• _What you have to do_: Your answer should contain only the lines from the top of the data below down through the one with "Item number: LPM-12018L,LPM-24018L", transcribed exactly and without pictures; please include nothing more.

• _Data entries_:

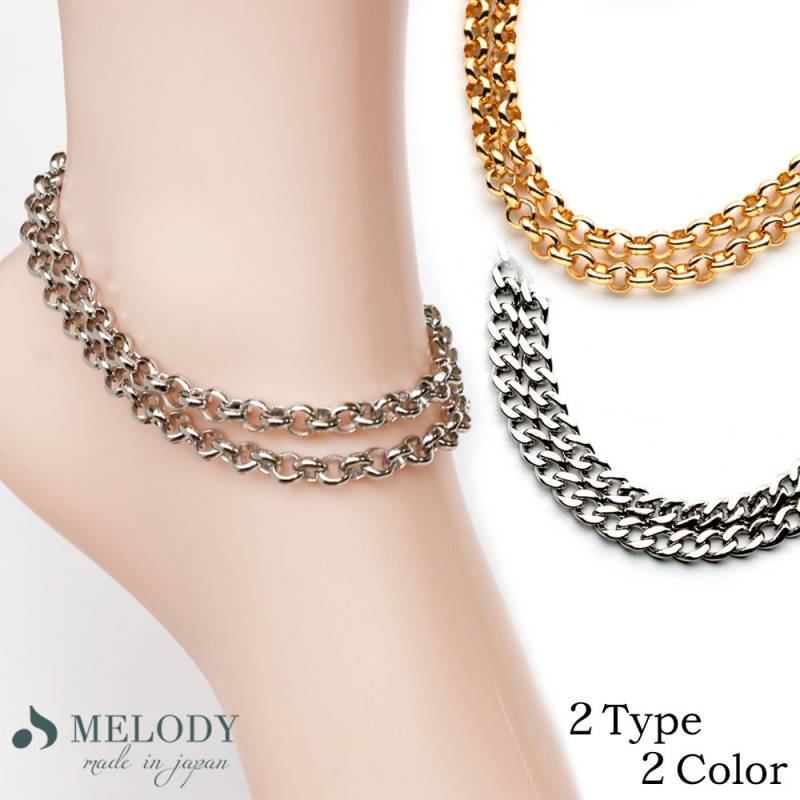 送料無料 日本製 足元コーデを楽しむ2連 チェーン アンクレット
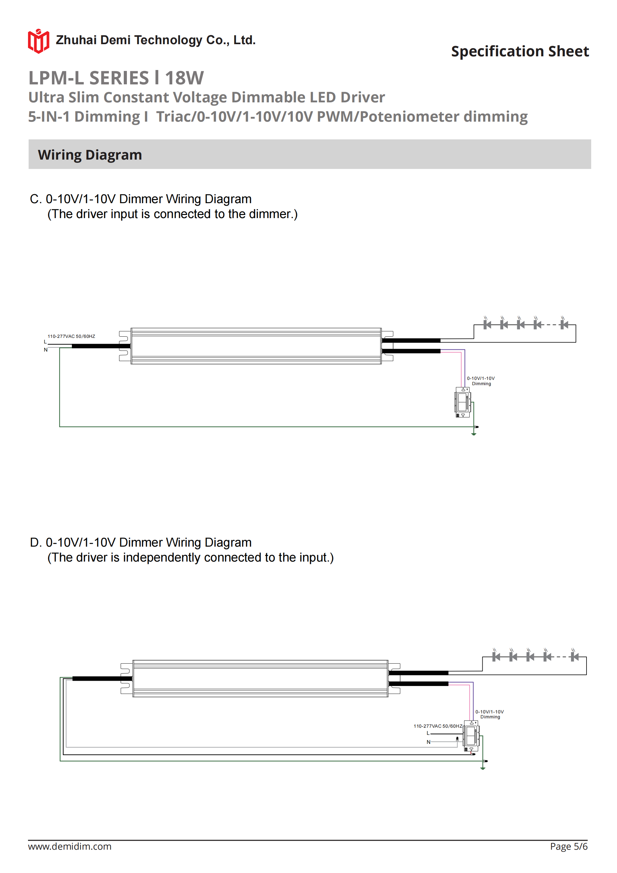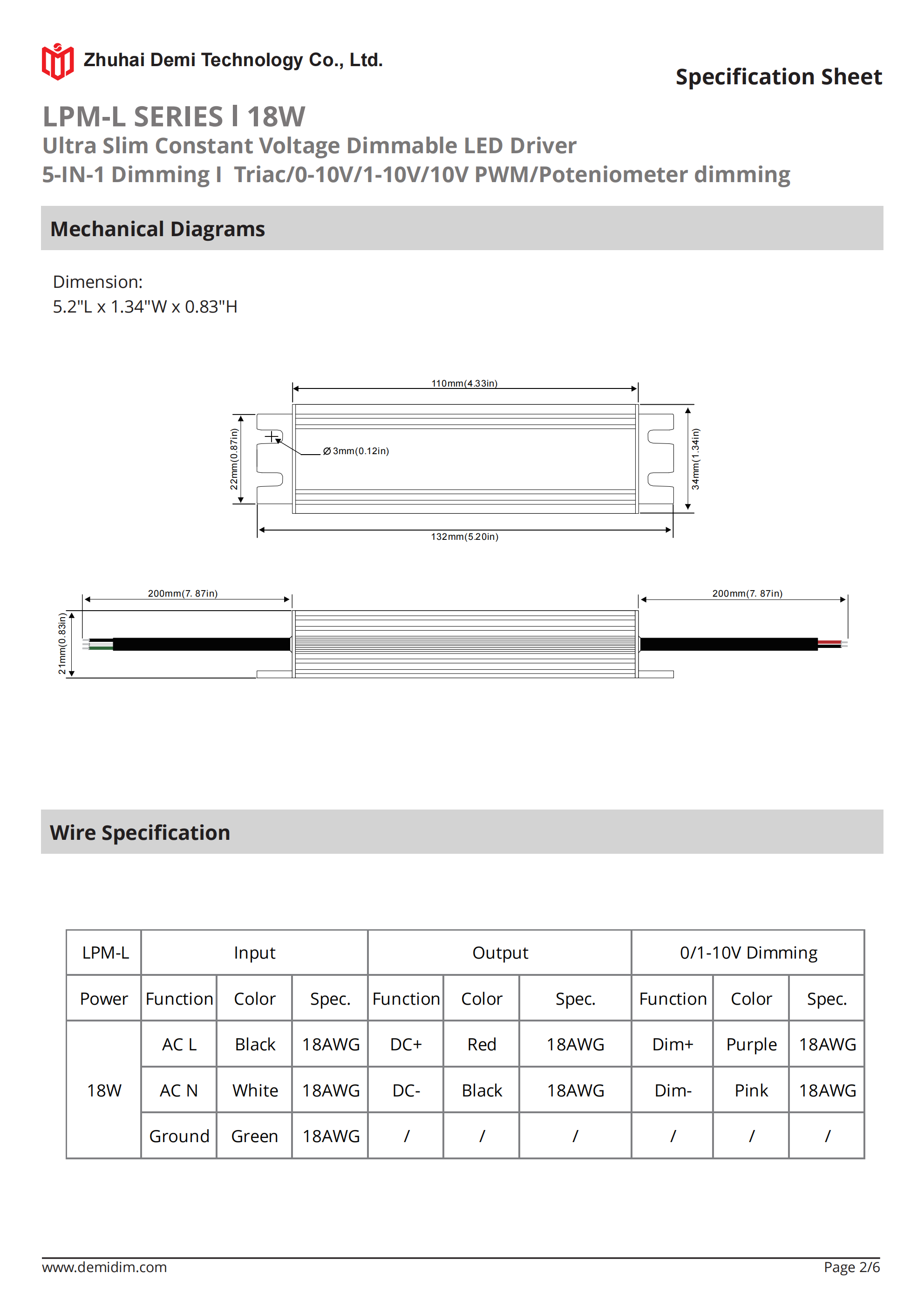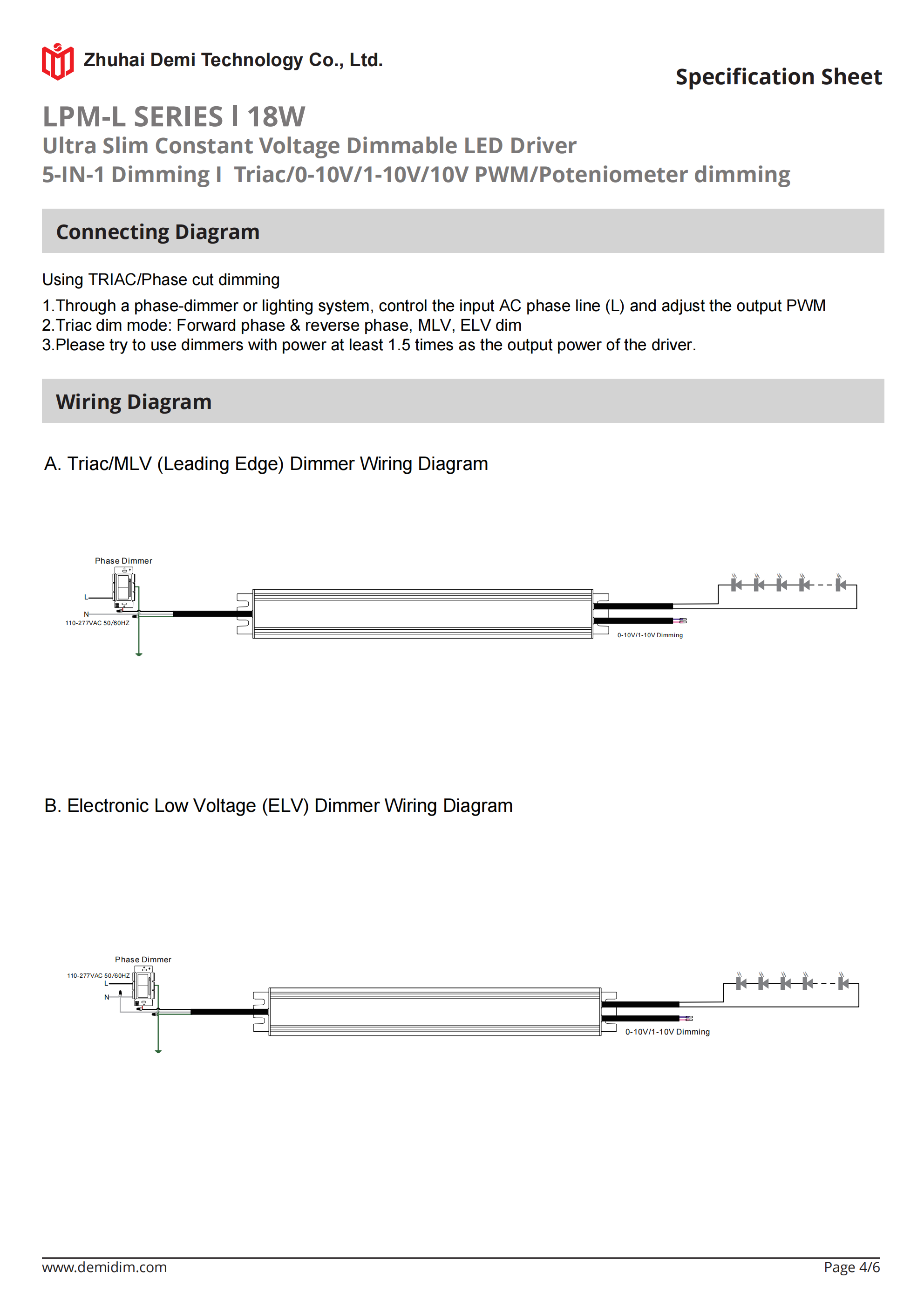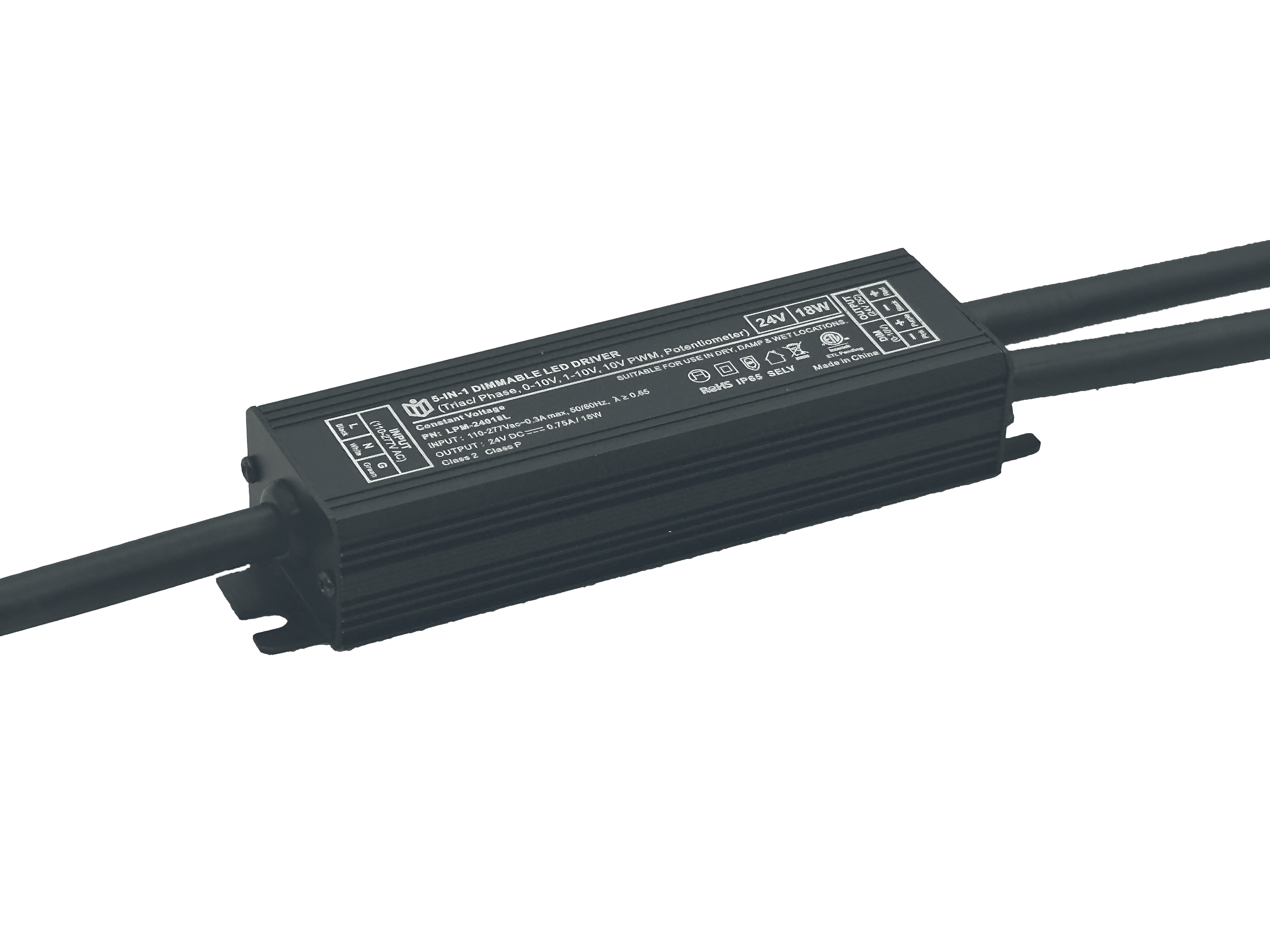 Item number: LPM-12018L,LPM-24018L Dim: Triac/0-10V/1-10V/10V PWM / Potentiometer Dimming method: PWM Input Voltage: 110-277V Output Voltage: 12V/24V PF: ≥0.65 Efficiency: ≥80% Warranty: 5 years. Protection: short circuit,overload,over-temperature, Certificate: ETL list Brand: DEMI
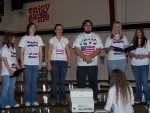 As the sound of the military helicopter leaving throbbed in the sky above the Northeast Vernon County R-1 gymnasium, Charles Naas, R-1 superintendent, led in a moment of silence in memory of those veterans who gave their all for our freedom. Presentation of Colors was given by NEVC honor students Drew Hoagland, Courtney Justice and Taylor Highfield, after which Darcy Scotten, NEVC Student Council president, led in the "Pledge of Allegiance" to the flag and the high school choir sang the national anthem.. ... -
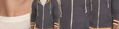 - Raw-edge seams around hood opening, pocket seams, cuffs, waistband and side seams
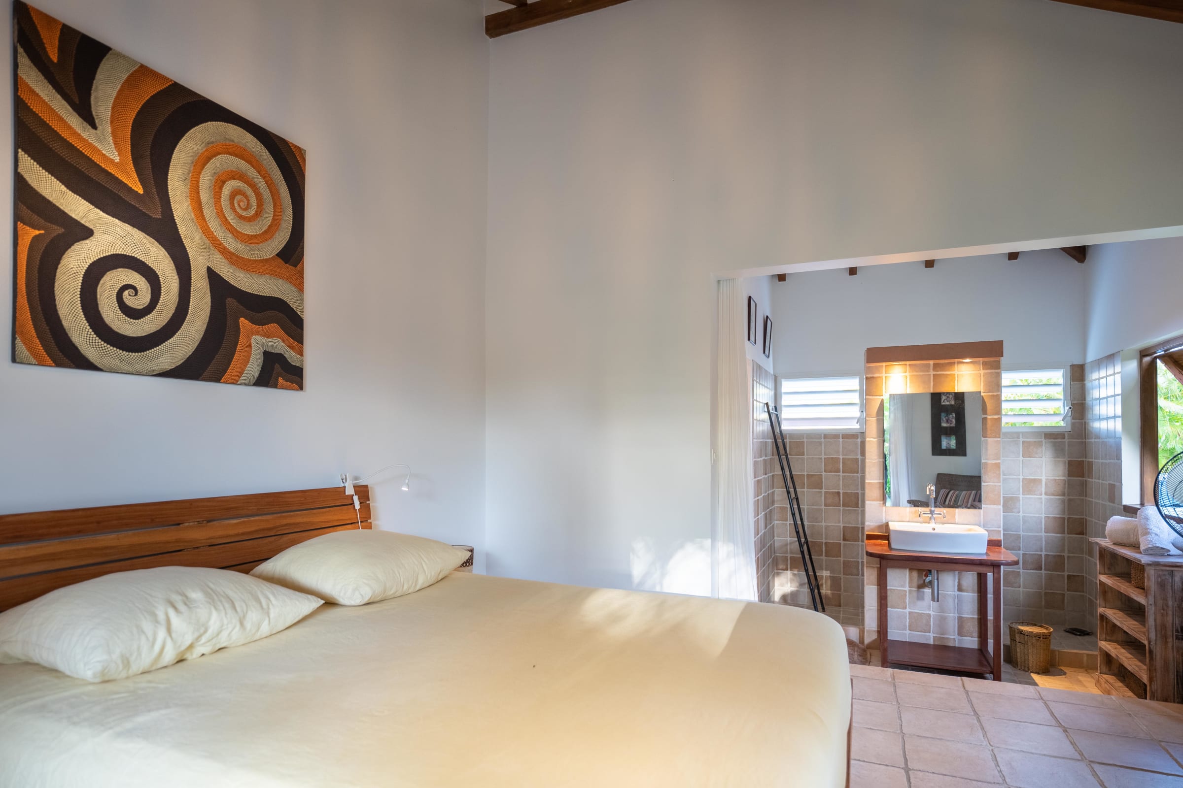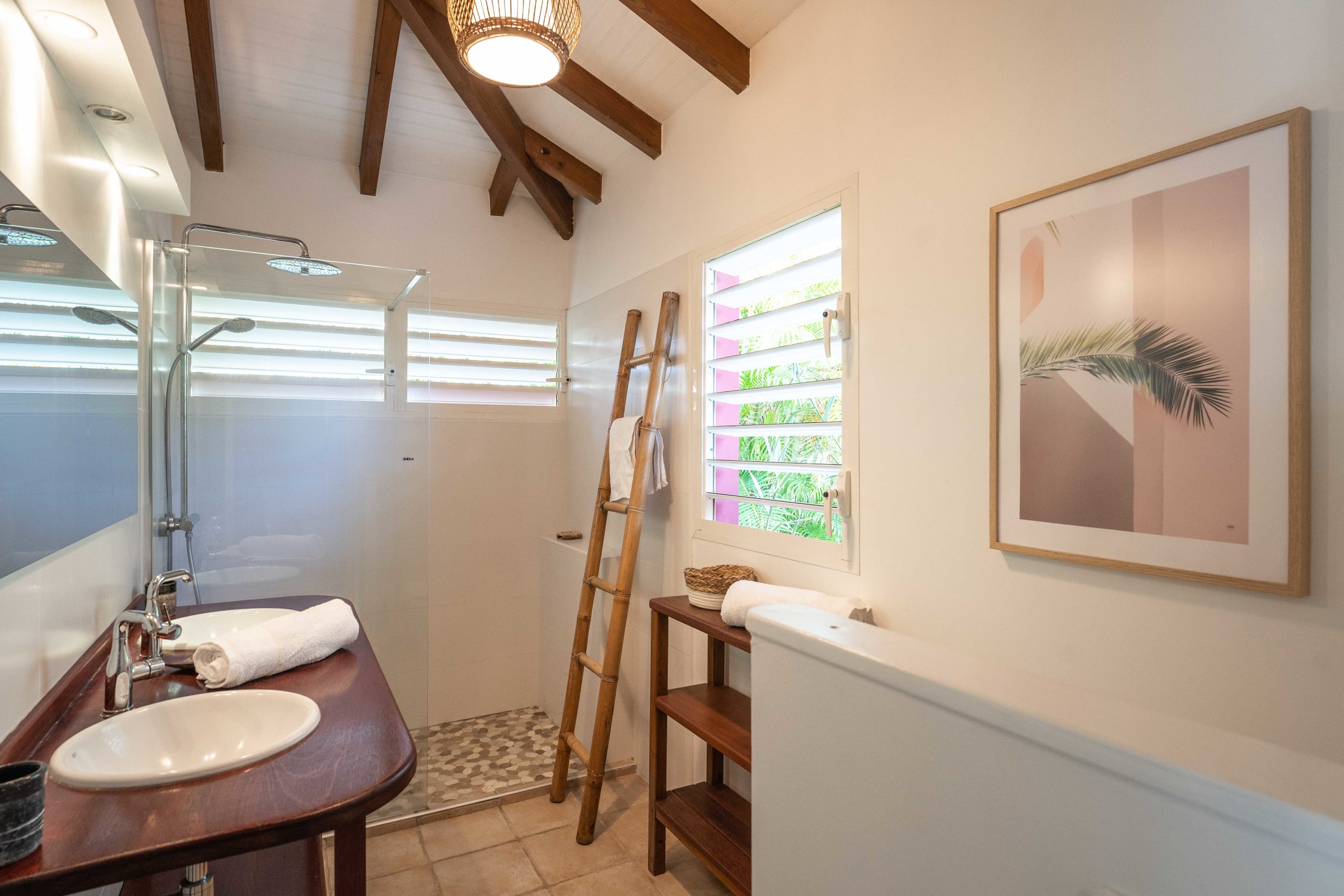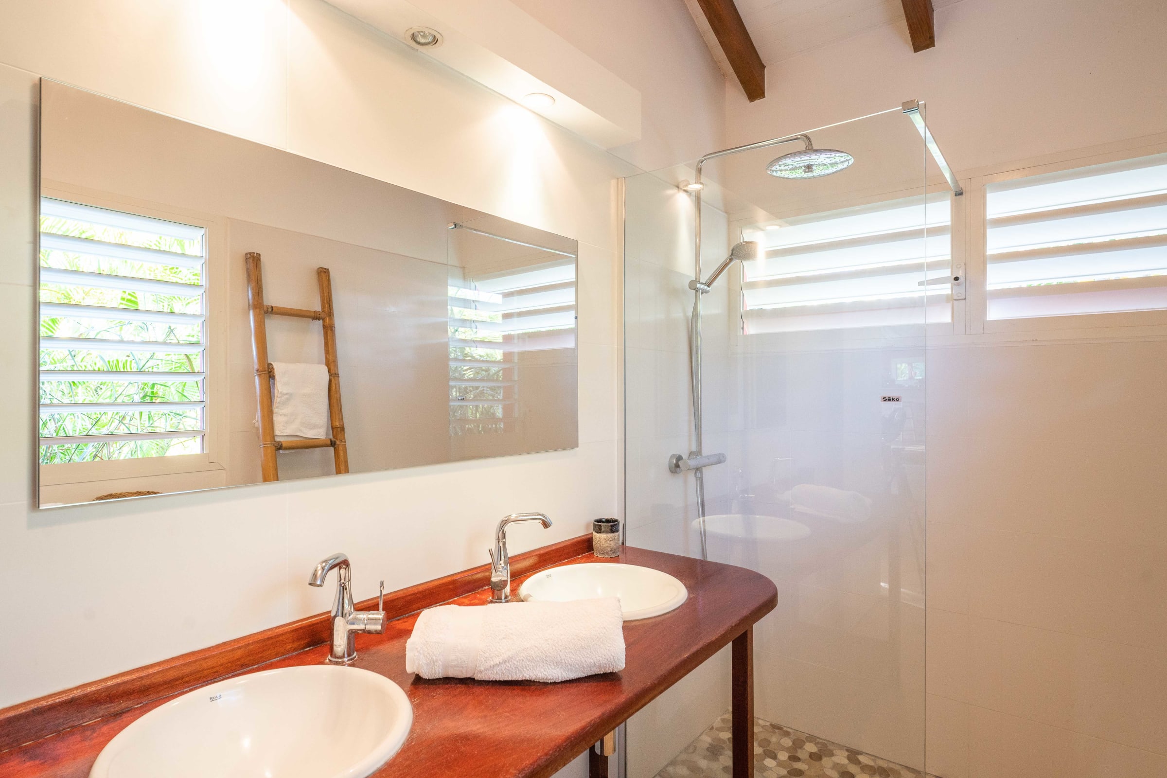 The villa is located in the commune of Le Moule, on the eastern part of Guadeloupe called Grande-Terre. At 45 minutes drive from Pointe-à-Pitre airport, it will take you less than 5 minutes to reach the town of Le Moule and a little less than 15 minutes to reach the marina of Saint-François, the neighboring town and find all the conveniences there: shopping area, supermarket, bakery, pharmacy, fish and spice market and even a cinema.

• _Output below_:
 送料無料 日本製 足元コーデを楽しむ2連 チェーン アンクレット
 Item number: LPM-12018L,LPM-24018L Dim: Triac/0-10V/1-10V/10V PWM / Potentiometer Dimming method: PWM Input Voltage: 110-277V Output Voltage: 12V/24V PF: ≥0.65 Efficiency: ≥80% Warranty: 5 years. Protection: short circuit,overload,over-temperature, Certificate: ETL list Brand: DEMI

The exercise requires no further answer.